Fireworks.ai: Lighting up gen AI through a more efficient inference engine

Fireworks.ai: Lighting up gen AI through a more efficient inference engine

Enterprises across industries are investing in AI technologies to move faster, be more productive, and give their customers the products and services that they need. But moving AI from prototype to production isn’t easy. That’s why we created Fireworks AI.

The story of Fireworks AI started seven years ago at Meta AI, where a group of innovators worked on PyTorch — an ambitious project building leading AI infrastructure from scratch. Today, PyTorch is one of the most popular open-source AI frameworks, serving trillions of inferences daily.

Many companies building AI products struggle to balance total cost of ownership (TCO) with performance quality and inference speed, while transitions from prototype to production can also be challenging. Leaders at PyTorch saw a tremendous opportunity to use their years of experience to help companies solve this challenge. And so, Fireworks AI was born.

Fireworks AI delivers the fastest and most efficient gen AI inference engine to date. We’re pushing the boundaries with compound AI systems, which replace more traditional single AI models with multiple interacting models. Think of a voice-based search application that uses audio recognition models to transcribe questions and language models to answer them. 

With support from partners like NVIDIA and their incredible CUDA and CUTLASS libraries, we’re evolving fast so companies can start taking their next big steps into genAI.

Here’s how we work with Google Cloud to tackle the scale, cost, and complexity challenges of GenAI.

Matching customer growth with scale

Scale is a primary concern when moving into production, because AI moves fast. Fireworks’ customers might develop new models that they want to roll out right away or find that their demand has doubled overnight, so we need to be able to scale quickly and immediately.

While we’re building state-of-the-art infrastructure software for gen AI, we look to top partners to provide architectural components for our customers. Google Cloud’s engineering strength provides an incredible environment for performance, reliability, and scalability. It’s designed to handle high-volume workloads while maintaining excellent uptime. Currently, Fireworks processes over 140 billion tokens daily with 99.99% API uptime, so our customers never experience interruptions.

Google Kubernetes Engine (GKE) and Compute Engine are also essential to our environment, helping us run control plane APIs and manage the fleet of GPUs. 

Google Cloud offers us outstanding scalability so that we’re always only using right-sized infrastructure. When customers need to scale, we can instantly meet their requests.

Since Fireworks is a member of the Google for Startups program, Google Cloud provided us with credits that were essential for growing our operations. 

Stopping runaway costs of AI

Scale isn’t the only thing companies need to worry about. Costs can balloon overnight after deploying AI, and enterprises need efficient ways to scale to maintain sustainable growth. By analyzing performance and environments, Fireworks can help them balance scale and efficiency.

We use Cloud Pub/Sub and Cloud Functions for reporting and billing event processing, and Cloud Monitoring for logging analytics and alerting metrics for analytics. All the request and billing data is then stored in BigQuery, where we can analyze use and volumes for each customer model. It helps us determine if we have extra capacity, if we need to scale, and by how much.

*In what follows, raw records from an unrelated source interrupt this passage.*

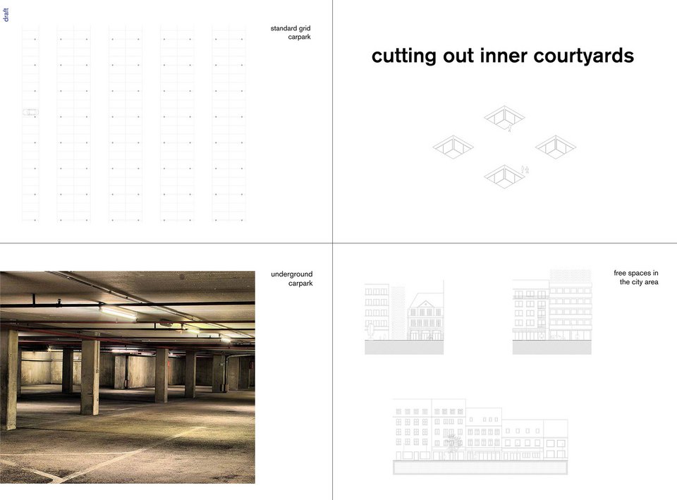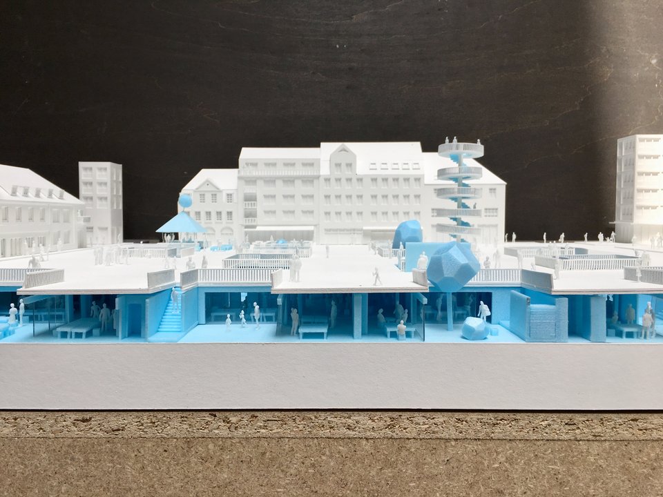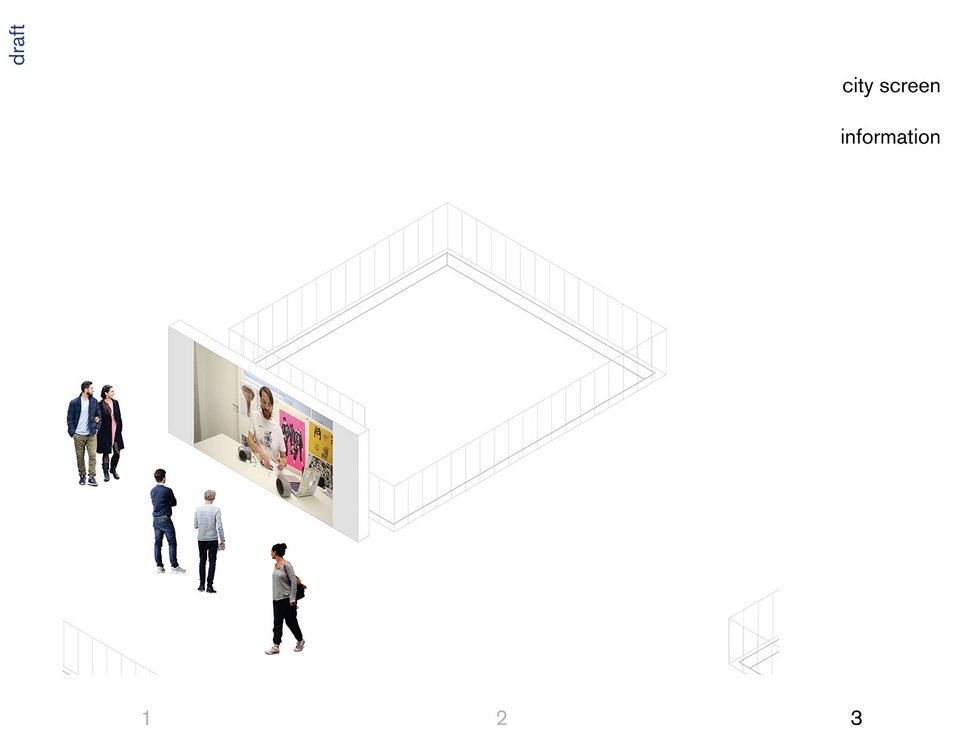 The draft begins with the point that the differentiated opinions of the political underground movement often fail to make the leap to reality. A politically functioning public space does not exist and invisibility to the outside is the consequence. As the new generation of tinkerers, lateral thinkers and do-gooders, as well as their deeds, visions and actions, must be seen, a new public political space will be created within this work. The purpose of this space is to enable the committed society to engage in their own ideas and thus to propel and demand traditional party politics. For the differentiated ideals of society to become visible, to gain attention and to grow, the public must be actively involved. Discussions need to be organized, protests launched, ideas realized and information disseminated and exhibited. The new space must be created in the public, for recognition and growth can only be given to someone who is present and seen. To locate the design in the overcrowded cities of the present, the combination of underground parking and public space is used, which can be found in almost every city. As the private car loses importance, the use of this space will be in the future in disposition. Using the example of Mannheim‘s marketplace, a new structure over- or rather „underlays“ public space. The architecture works like a common working space with workplaces for individual initiatives, common areas and serving spaces. This can create synergies between the different initiatives. Points of contact that ensure continued visibility and information flow ensure a lively exchange with the public.
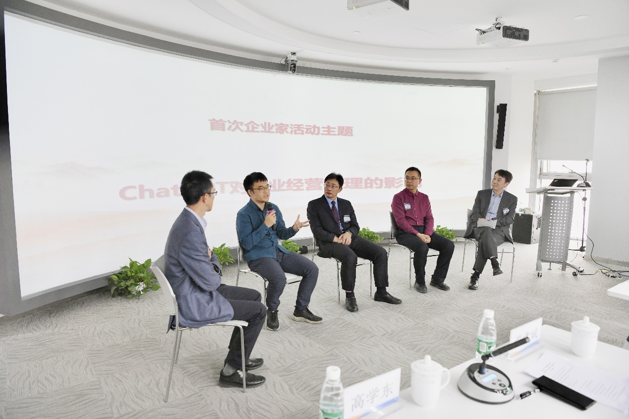 公司高学东教授,北京时代凌宇科技股份有限公司总裁黄飞,北京闪亮视觉智能科技有限公司联合创始人、首席科学家石峰、北京信息学院副教授解迎刚作为分享嘉宾各自阐述了对ChatGPT的看法,并展开了热烈的讨论。
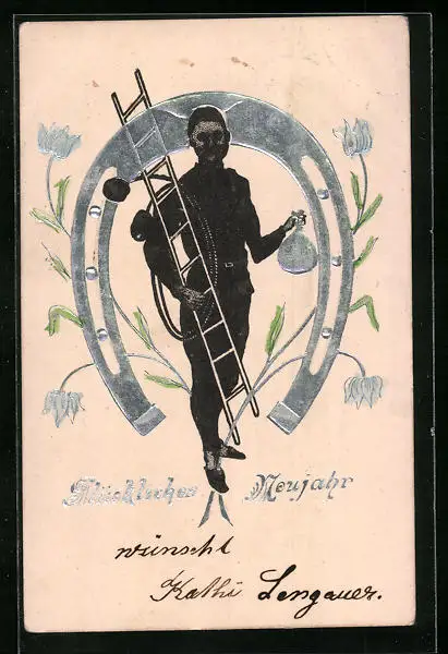 Präge-AK Schornsteinfeger vor grossem Hufeisen
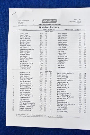 Jozef Kovalík podobne. Martin Kližan je zranený a ukončil sezónu. Trojnásobný víťaz podujatia Lukáš Lacko bude potrebovať divokú kartu, ale mal by sa predstaviť rovnako ako Filip Horanský, ktorý je prvý pod čiarou.
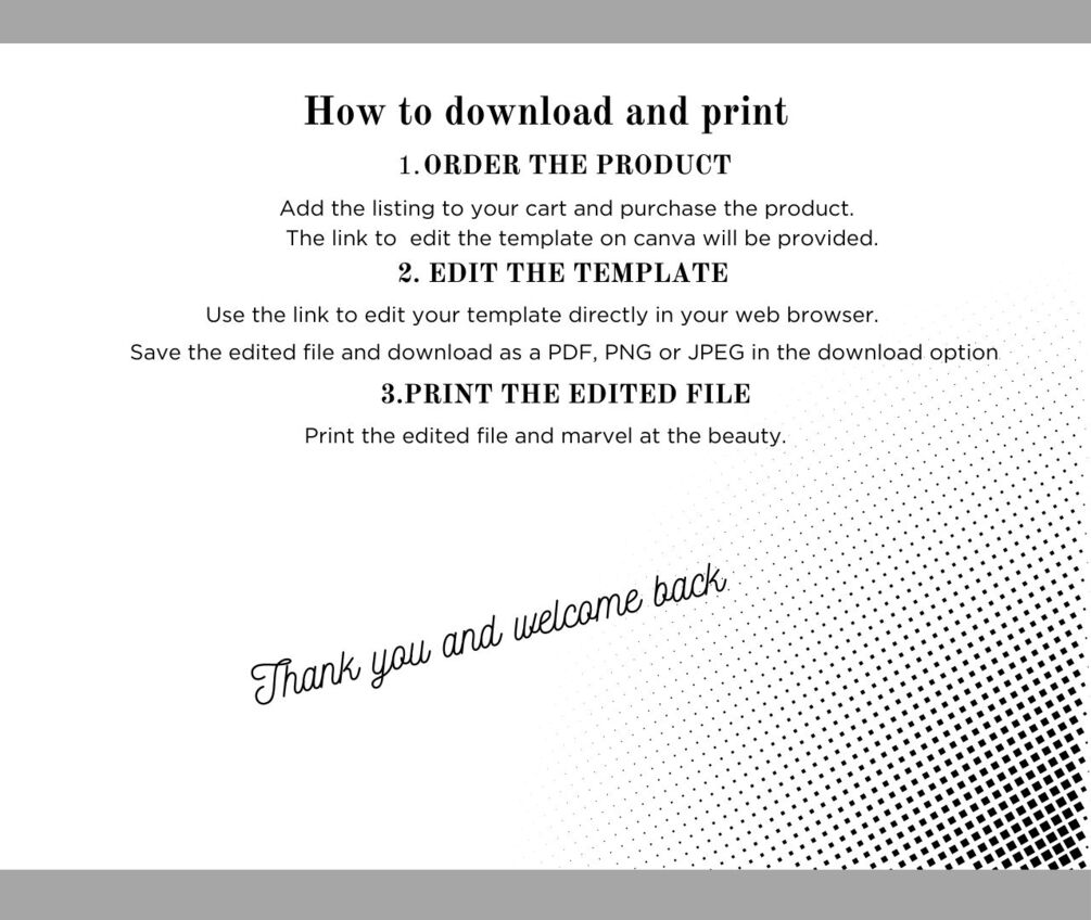 This place card template features a clean black and white minimalist design with accents of modern calligraphy and is perfect for you and your future partner. After you place your order, you will receive an email with the access link to your self-editable template where you will be able to customize all your own details on canva. Canva is an online photo editor that allows you to completely personalize your printable directly in your browser. There is no need to download any fonts or software.

Google Cloud’s blue-chip cloud environment also allows us to provide more to our customers without breaking budgets. Because we can offer 4X lower latency and 4X higher throughput compared to competing hosted services, we provide better performance for reduced prices. Customers then won’t need to swell their budget to increase performance, keeping TCO down.

The right environment for any customer

Every genAI solution has its own complexities and nuances, so we need to remain flexible to tailor the environment for each customer. Some enterprises might need different GPUs for different parts of a compound AI system, or they might want to deploy smaller fine-tuned models alongside larger models. Google Cloud gives us the freedom to split up tasks and use any GPUs that we need, as well as integrate with a diverse range of models and environments.

This is especially important when it comes to data privacy and security concerns for customers in sensitive industries such as finance and healthcare. Google Cloud provides robust security features like encryption and secure VPC connectivity, and it helps comply with compliance statutes such as HIPAA and SOC 2.

Meeting our customers where they are – which is a moving target – is critical to our success in gen AI. Companies like Google Cloud and NVIDIA help us do just that.

Powering innovation in gen AI

Our philosophy is that enterprises of all sizes should be able to experiment with and build AI products. AI is a powerful technology that can transform industries and help businesses compete on a global scale. 

Keeping AI open source and accessible is paramount, and that’s one of the reasons we continue to work with Google Cloud. With Google Cloud, we can enable more companies to drive value from innovative uses of gen AI.